See advisory https://owncloud.com/security-advisories/cross-site-request-forgery-in-the-ocs-api/
Our mobile and desktop clients always send an Authorization header. So with a proper server config, it will work.
Using the 10.5 version of the apps/files_sharing/lib/Controller/Share20OcsController.php is not recommended due to the known issue.
@ho4ho We officially support mod_php only because it is thread-safe. But many instances are using fcgi on their own risk.
My hosting support ensured me that mod_rewrite ist enabled and AllowOverride All is configured.
Still I get the CSRF error - on a brand new clean install.

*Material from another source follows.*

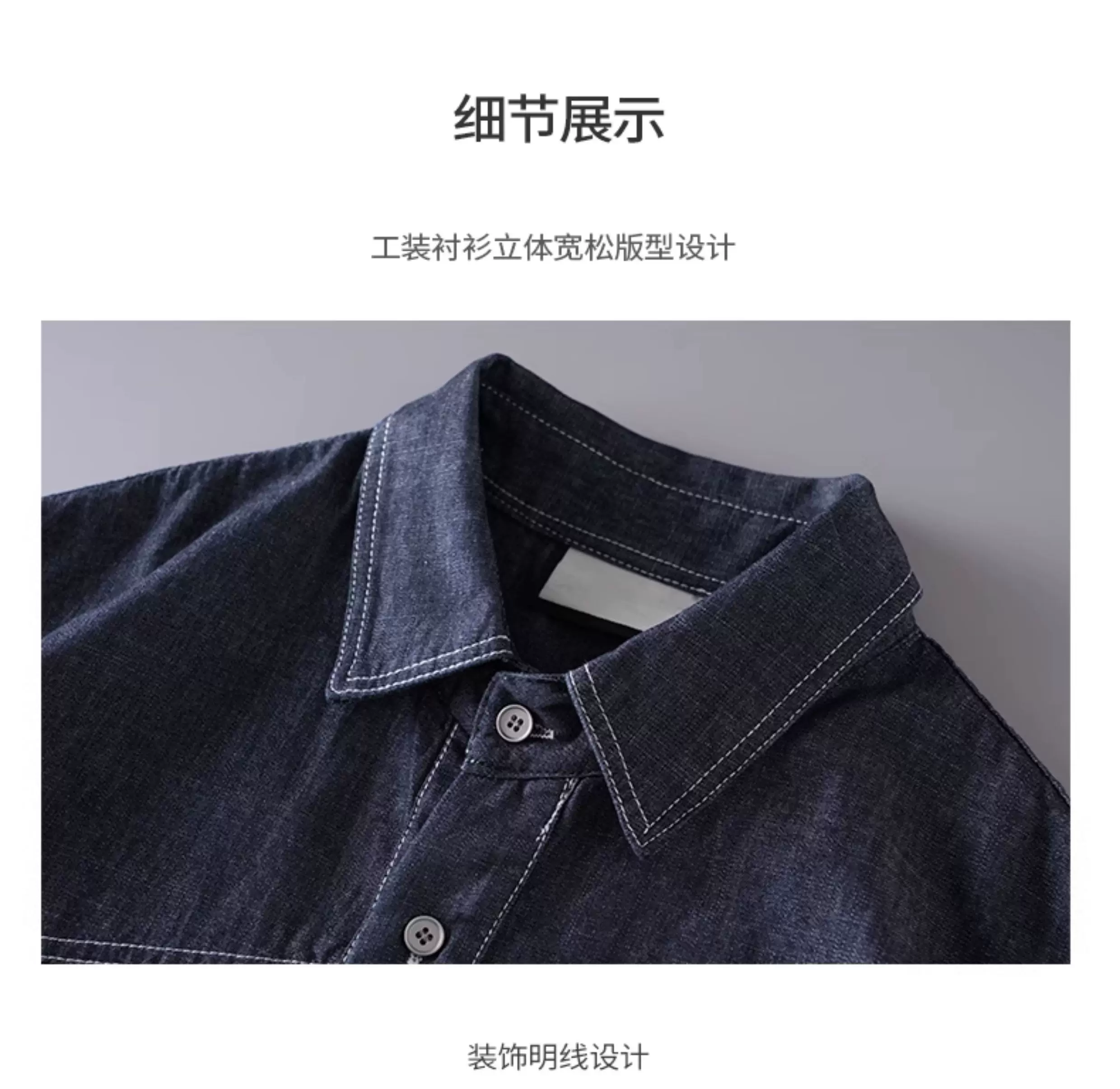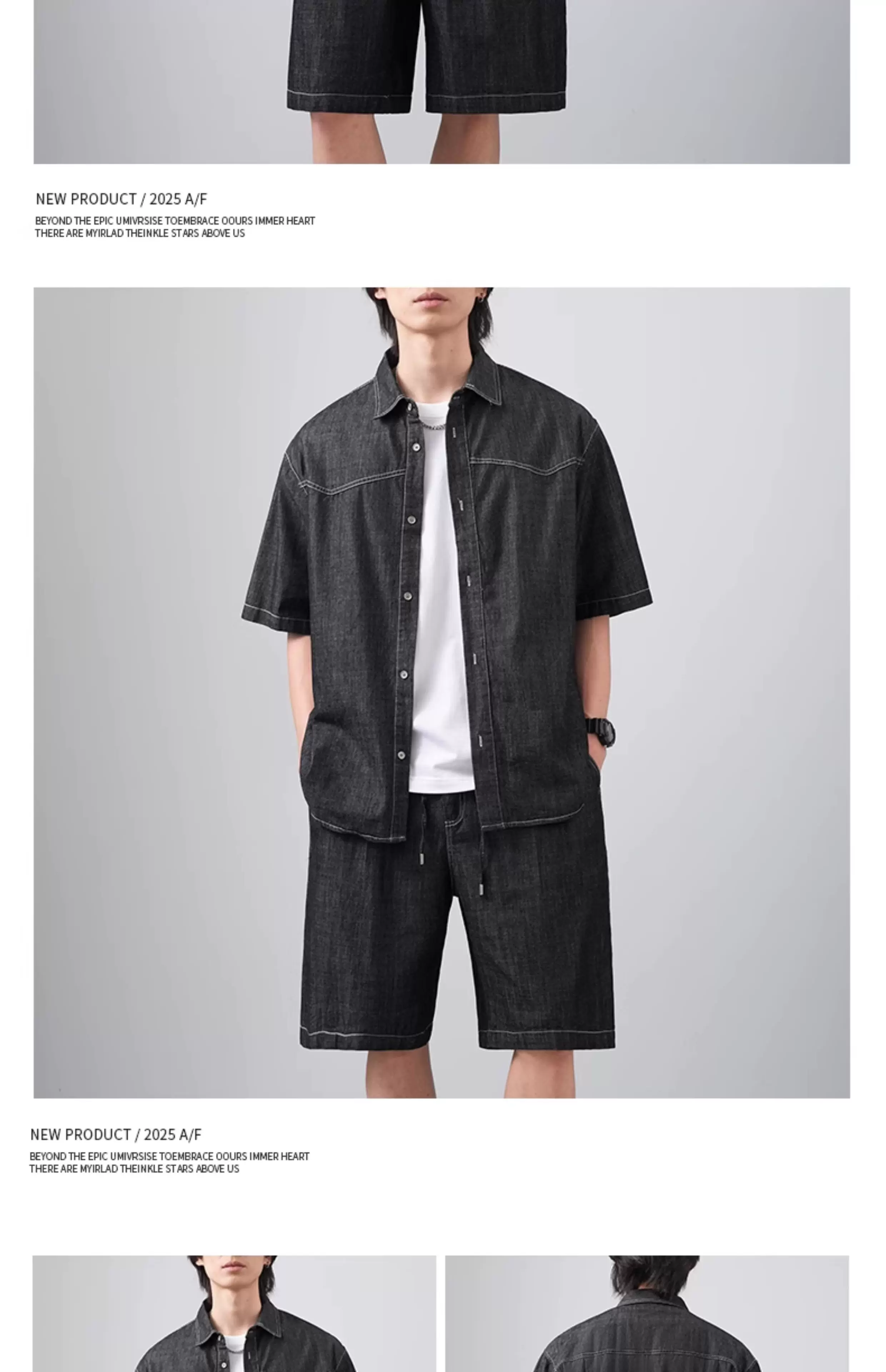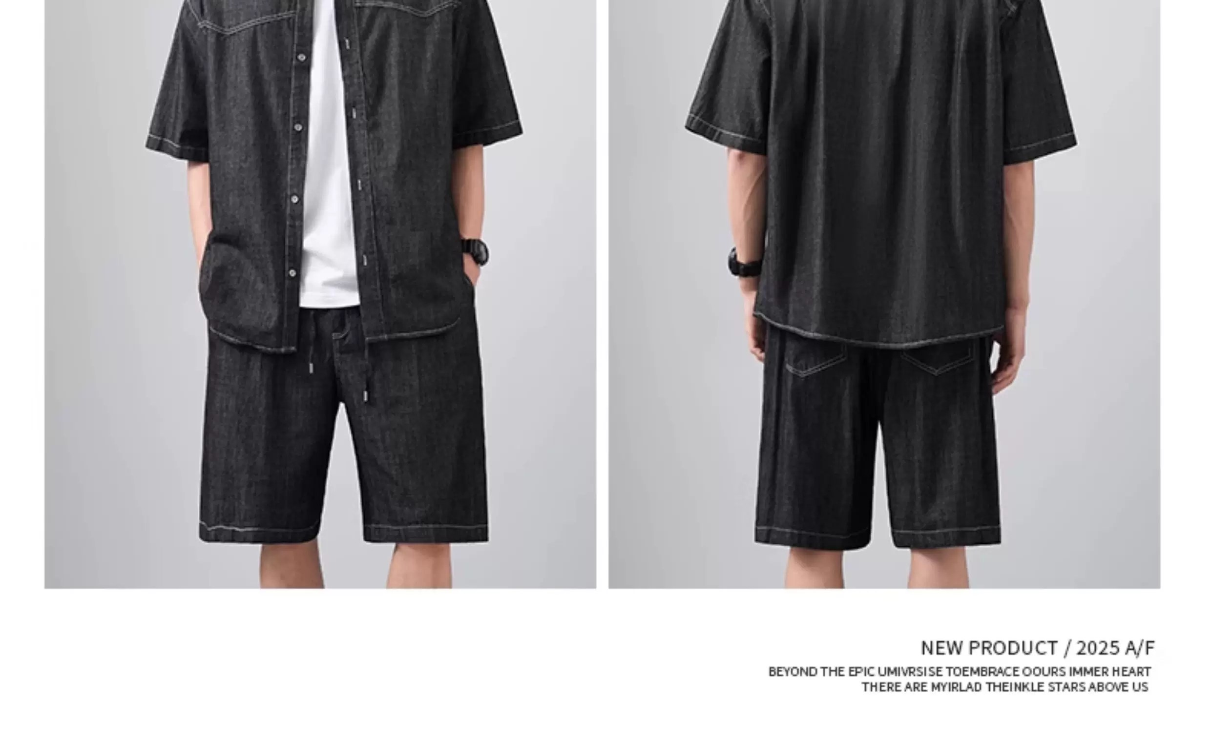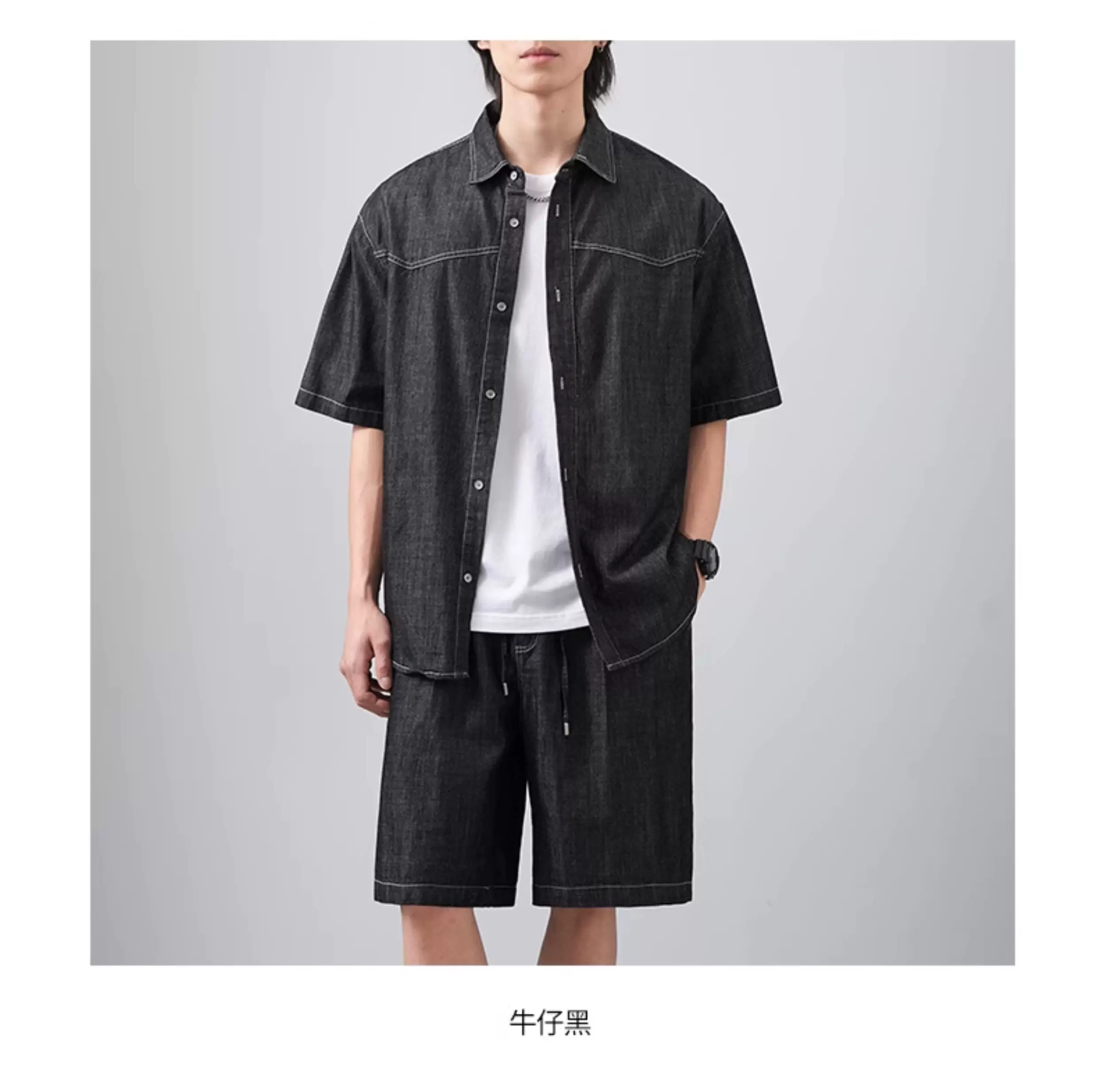 - Bộ áo sơ mi và quần short denim kiểu Mỹ OMZM dành cho nam, áo sơ mi có cổ dáng rộng mùa hè, bộ hai mảnh cổ điển cao cấp

Could you please take another look into the changes in 10.6 that trigger this error? Would be much appreciated.
Hello @martinackerl,
wie solved the problem by adding:
RewriteEngine on RewriteRule .* - [env=HTTP_AUTHORIZATION:%{HTTP:Authorization}]
to our site-file /etc/apache2/sites-available/owncloud-ssl.conf.
Maybe there is a problem in your .htaccess-file that the apache ignores some settings.